Jeruzalem jest wymienione w Piśmie Świętym aż 800 razy, a więc nazwa ta występuje w księgach biblijnych bardzo często, co świadczy oczywiście o jej znaczeniu w historii biblijnej. Po raz pierwszy nazwa Jeruzalem w tej postaci wymieniona jest w Księdze Jozuego w kontekście zdobywania przez Izraelitów Ziemi Obiecanej:„A gdy Adoni-Sedek, król Jeruzalemu, usłyszał, że Jozue zajął Aj i zniszczył je (…), zląkł się bardzo” (Joz. 10:1-2). Przedtem, także potem niejeden raz miasto to nazywało się Jebus, miasto Jebuzejczyków, na przykład:„Lecz mąż ten nie chciał już nocować i ruszył w drogę i doszedł aż do okolic naprzeciw Jebus, to jest Jeruzalemu” (Sędz. 19:10); „Gdy potem Dawid wyruszył wraz z całym Izraelem na Jeruzalem, to jest Jebus, gdzie kraj zamieszkiwali Jebuzejczycy, mieszkańcy Jebus rzekli do Dawida: Nie wejdziesz tutaj. A jednak Dawid zdobył twierdzę Syjon – to jest Miasto Dawida” (1 Kron. 11:4-5).

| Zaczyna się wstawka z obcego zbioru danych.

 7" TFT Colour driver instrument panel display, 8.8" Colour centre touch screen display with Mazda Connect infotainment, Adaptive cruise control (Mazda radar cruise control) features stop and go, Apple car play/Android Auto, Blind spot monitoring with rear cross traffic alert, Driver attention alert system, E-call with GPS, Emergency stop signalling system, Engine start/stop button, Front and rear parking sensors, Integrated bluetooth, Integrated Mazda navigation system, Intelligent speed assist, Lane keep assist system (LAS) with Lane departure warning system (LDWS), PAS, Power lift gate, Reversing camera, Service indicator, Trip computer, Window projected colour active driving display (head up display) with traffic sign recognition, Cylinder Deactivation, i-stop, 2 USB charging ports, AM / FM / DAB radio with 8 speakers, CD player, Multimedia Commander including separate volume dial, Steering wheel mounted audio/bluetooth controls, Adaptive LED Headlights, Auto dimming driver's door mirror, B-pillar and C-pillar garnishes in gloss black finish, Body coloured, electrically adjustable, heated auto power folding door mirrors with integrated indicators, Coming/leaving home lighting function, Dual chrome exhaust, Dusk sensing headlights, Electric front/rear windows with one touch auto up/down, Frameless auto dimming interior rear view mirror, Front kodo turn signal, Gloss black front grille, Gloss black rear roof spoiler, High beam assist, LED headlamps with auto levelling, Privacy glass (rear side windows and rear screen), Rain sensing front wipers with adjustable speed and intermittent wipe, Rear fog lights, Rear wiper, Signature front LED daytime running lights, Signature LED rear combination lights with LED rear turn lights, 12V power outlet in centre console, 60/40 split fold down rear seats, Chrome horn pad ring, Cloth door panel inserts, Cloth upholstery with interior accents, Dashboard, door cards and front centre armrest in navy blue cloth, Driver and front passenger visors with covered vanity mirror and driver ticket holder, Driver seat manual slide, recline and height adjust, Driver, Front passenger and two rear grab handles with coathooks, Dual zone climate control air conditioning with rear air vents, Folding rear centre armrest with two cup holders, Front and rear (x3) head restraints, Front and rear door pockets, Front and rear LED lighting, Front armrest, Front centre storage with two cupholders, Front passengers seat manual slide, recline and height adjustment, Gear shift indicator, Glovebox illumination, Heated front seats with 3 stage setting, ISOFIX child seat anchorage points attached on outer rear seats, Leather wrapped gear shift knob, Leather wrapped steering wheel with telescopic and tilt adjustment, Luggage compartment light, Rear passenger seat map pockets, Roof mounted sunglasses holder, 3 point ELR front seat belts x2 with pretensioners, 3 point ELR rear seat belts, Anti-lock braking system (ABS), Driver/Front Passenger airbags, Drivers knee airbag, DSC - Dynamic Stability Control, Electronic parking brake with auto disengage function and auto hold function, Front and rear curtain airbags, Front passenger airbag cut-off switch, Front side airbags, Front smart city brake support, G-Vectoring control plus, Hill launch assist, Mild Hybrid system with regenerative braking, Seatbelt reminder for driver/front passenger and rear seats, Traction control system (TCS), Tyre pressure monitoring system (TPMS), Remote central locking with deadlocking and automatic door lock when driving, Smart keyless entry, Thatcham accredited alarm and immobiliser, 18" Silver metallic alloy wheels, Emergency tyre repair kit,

W historii Jerozolimy można wyróżnić kilka okresów dziejowych, a więc:

  1. czasy przedhistoryczne,
  2. era kananejska,
  3. czasy Starego Testamentu,
  4. czasy Nowego Testamentu,
  5. Jerozolima mesjańska,
  6. Jerozolima chrześcijańska i wreszcie
  7. Jerozolima dzisiejsza, stolica współczesnego Izraela.

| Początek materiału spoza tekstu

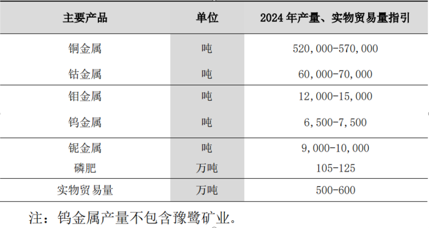 根据指引,公司2024年计划产铜(按金属量计,下同)52万~57万吨,产钴6万~7万吨,较2023年增加铜产能10万吨以上、钴产能1万吨以上。此外,公司计划产钼1.2万—1.5万吨,产钨0.65万~0.75万吨,产铌0.9万~1万吨,产磷肥105万~125万吨,实现实物贸易量500万~600万吨,较2023年保持稳定。

Każdy z tych okresów charakteryzował się właściwymi sobie cechami, które wyróżniają je od innych.

Od 2. połowy XIX w. cała Jerozolima, jak i cała Ziemia Święta jest terenem nieustannych i intensywnych badań archeologicznych, które przynoszą wciąż nowe, interesujące odkrycia (Archeologia Palestyny, red. L.W. Stefaniak, 1973). Oczywiście pierwszorzędnym przewodnikiem i informatorem do tych badań jest Biblia i jej księgi historyczne (W. Keller, A jednak Pismo Święte ma rację, 1959).

Jeśli chodzi o czasy przedhistoryczne,to archeolodzy stwierdzają, że miejsce, na którym stanęło później sławne miasto, zamieszkałe było od zamierzchłych czasów, wiele wieków przed spotkaniem Melchisedeka, króla Salemu, z Abrahamem. Z tych czasów odkryto w Jeruzalem groty, a w nich starożytne narzędzia, służące ówczesnym ludziom. Starożytność zasiedlenia tego miejsca nie może dziwić – sprzyjało temu wybitnie obronne położenie miejsca. Jerozolima leży w samym sercu Gór Judzkich na płaskowzgórzu o wysokości 800 m nad poziomem Morza Śródziemnego i 1140 m nad poziomem Morza Martwego. Miejsce położenia Jerozolimy jest z trzech stron otoczone głębokimi dolinami, a tylko z jednej strony, ze strony północnej łączy się z grzbietem gór Judei, tak że całość tworzy rodzaj półwyspu, wysuniętego z północy na południe. Strome zbocza dolin stanowiły obronę. Warunki naturalne sprzyjały więc wczesnemu osadnictwu, jak w wielu innych podobnych wypadkach, tym bardziej, że ze skał biło źródło Gihon, a więc mieszkańcy mieli zapewnioną niezbędną do życia wodę.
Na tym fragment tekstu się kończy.